The Elastic Stack (Elasticsearch, Logstash, Kibana—collectively known as ELK) has been the default choice for self-hosted logging for over a decade. The ecosystem is mature, the community is massive, and Kibana’s visualization capabilities are truly powerful. It’s fully self-hostable, and Elastic offers official Docker images and Helm charts that make deployment straightforward. The only downside is its relative complexity to set up. ELK is operationally heavy. From fine-tuning Elasticsearch to deploying and managing dashboards, the effort is considerable. For a team with dedicated platform engineers, ELK can be an excellent choice. For a small product team trying to ship features while also managing infrastructure, the operational burden was too high.

The same goes for the Grafana Stack (Loki, Tempo, Prometheus, Grafana). It meant more moving parts than we could confidently maintain.

This is where things got interesting. A new generation of observability platforms has emerged in the last few years, built from the ground up on OpenTelemetry for data collection and ClickHouse for storage.

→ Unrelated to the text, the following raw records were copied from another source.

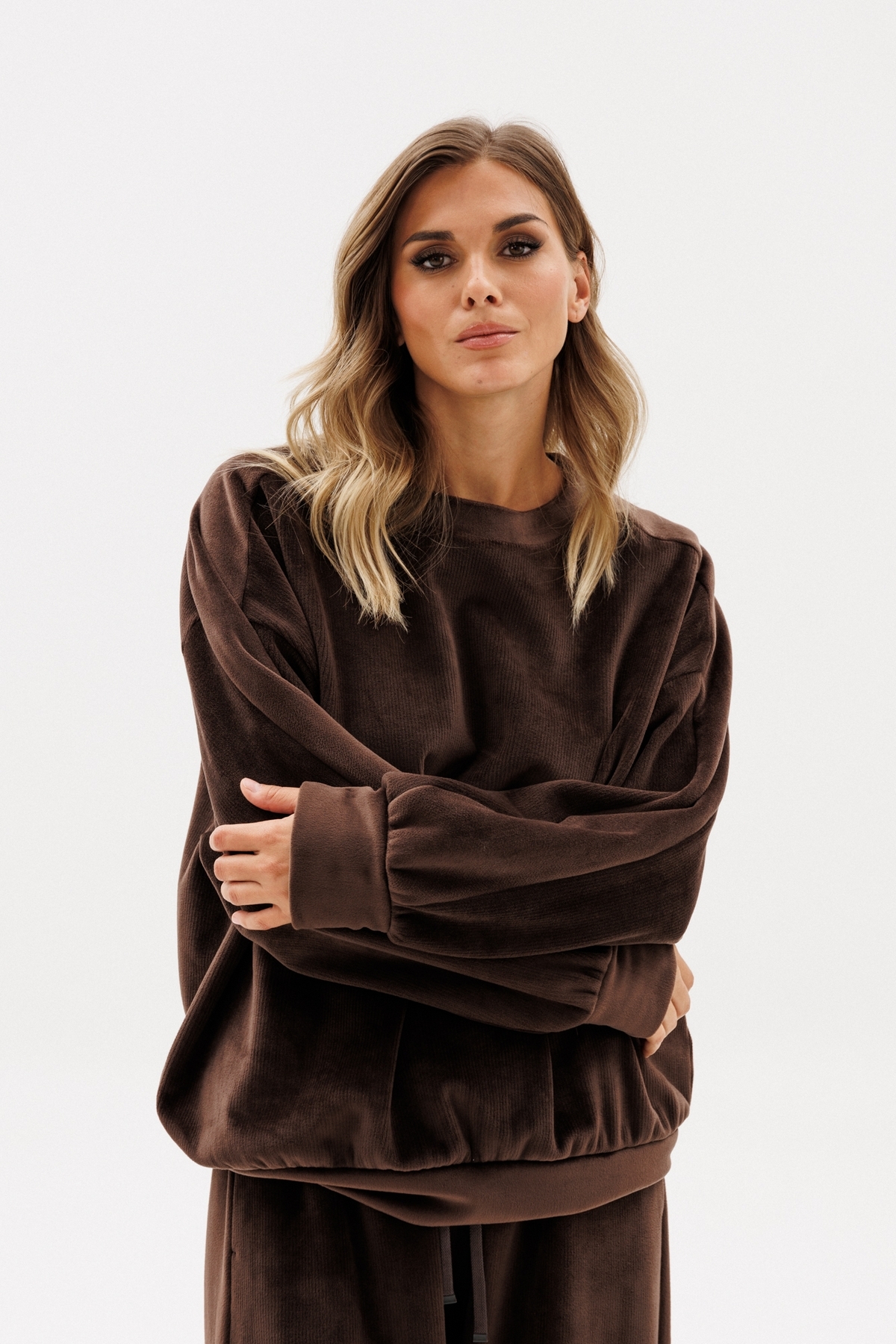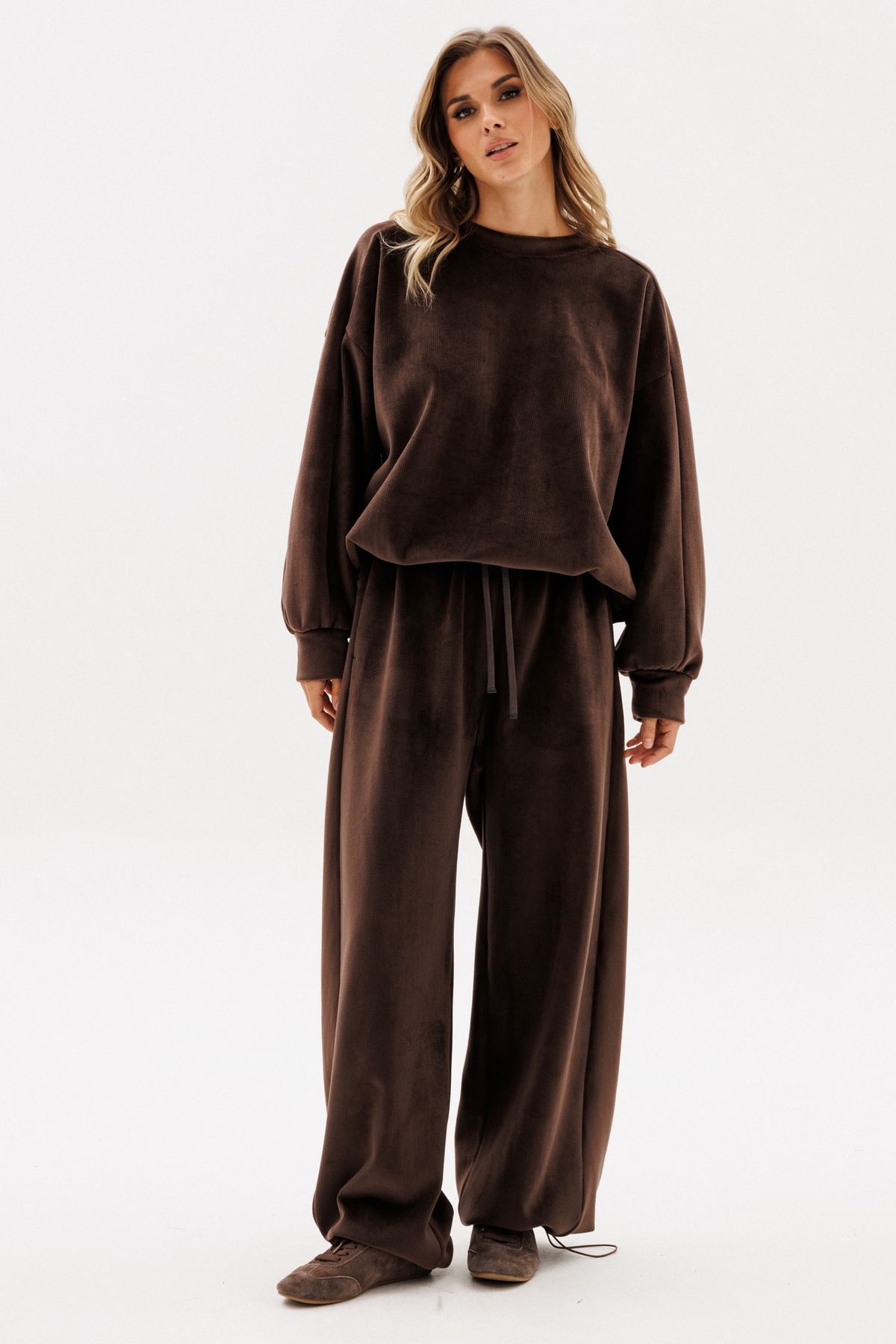 Комплект: джемпер+брюки. Комплект выполнен из двустороннего велюра в мелкий рубчик. Джемпер О-образного силуэта, покроя "oversize", длиной до линии бедер. Перед и спинка цельные. Горловина округлой формы, обработана бейкой. Плечевой шов удлинен. Рукав рубашечного покроя, одношовный. Низ рукава на манжете. Верхняя часть рукава переходит в кокетку переда т спинки и доходит до горловины. По низу джемпера обработан пояс. Пояс, манжеты, верхняя часть рукава и бейка горловины выполнены из основной, но без рубчика. Брюки на притачном поясе с эластичной тесьмой, прямого силуэта, длиной в пол, покроя "oversize". Боковой шов заменен лампасом. В швах лампаса карманы. Сзади накладные карманы. В пояс протянут шнур с наконечниками. По низу брюк втянута эластичная тесьма с фиксаторами. Лампасы и пояс выполнены из основной ткани, но без рубчика.
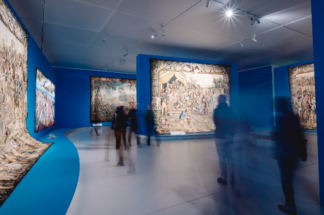 L’exposition "Tisser son temps" rassemble des artistes qui mélangent des éléments historiques, actuels et imaginaires pour créer des scènes ensuite produites en tapisserie. Celles-ci nous parlent de questions de société centrales, de l’époque médiévale à aujourd’hui.
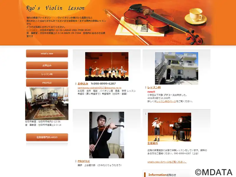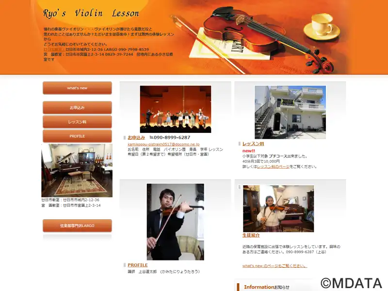 広島県廿日市市にあるヴァイオリン教室。ヴァイオリニストの上谷遼太郎氏(エリザベト音楽大学大学院修士課程修了)が指導する。初心者から上級者まで、様々な年齢や経験レベルの生徒を対象に、各個人のレベルと目標に対応したレッスンを提供する。スケジュールも、生徒の都合に合わせて調整できる。月に一度、合奏の練習も行っており、さらに教室では発表会やコンクールへの積極的な参加を通じて、多様な音楽学習の機会を提供する。

SigNoz checked every box on our requirements list. It’s fully open-source. It’s OTel-native, ingesting traces, metrics, and logs through standard OTel protocols without any translation layer. It’s self-hostable via Docker Compose for small deployments or Kubernetes with Helm for larger ones. The UI provides a unified view of logs, traces, and metrics with end-to-end correlation: click on a trace span and see the associated logs, click on a log line and jump to the parent trace. Query performance is excellent thanks to the ClickHouse backend, which handles the high-cardinality data that observability generates.

HyperDX shares the same ClickHouse foundation as SigNoz and the same OTel-native approach, but with an even stronger focus on simplicity. The entire stack - frontend, API, ClickHouse, OTel collector — deploys from a single Docker Compose file with sensible defaults. The UI feels remarkably intuitive, clearly designed by people who’ve spent hours debugging production issues and got frustrated with the friction in existing tools. Dashboards, alerting, access control, all built-in, all working out of the box, all configured through a clean web interface. Last but not least, HyperDX was acquired by ClickHouse in March to create ClickStack, giving us confidence in its long-term viability.

Why HyperDX Won

For a week, we deployed and ran several prototypes, ingesting fake telemetry data at roughly 5× our current scale, and experimented with both SigNoz and HyperDX. HyperDX seriously impressed us. Even the most complex queries executed in milliseconds. No sign of backpressure. The UX was seamless. The Event Patterns feature is a standout. The end-to-end correlations between session replays, traces, logs, and infrastructure metrics make it remarkably easy to navigate through errors and events and finding the root cause in seconds. The fact that it runs on ClickHouse is a huge benefit in terms of cost and raw performance. Deployment simplicity also played a role: the entire stack deploys from a single command:

docker run -p 4318:4318 -p 4317:4317 -p 8080:8080 -p 8123:8123 docker.hyperdx.io/hyperdx/hyperdx-local:2-beta

That’s it. No Kubernetes. No Helm charts. No cluster management. No JVM heap tuning. For data persistency, robustness and high-availability, it is of course necessary to adapt the configuration and externalize some services, but even with that in mind, for a small team without dedicated DevOps resources, this simplicity is worth its weight in gold.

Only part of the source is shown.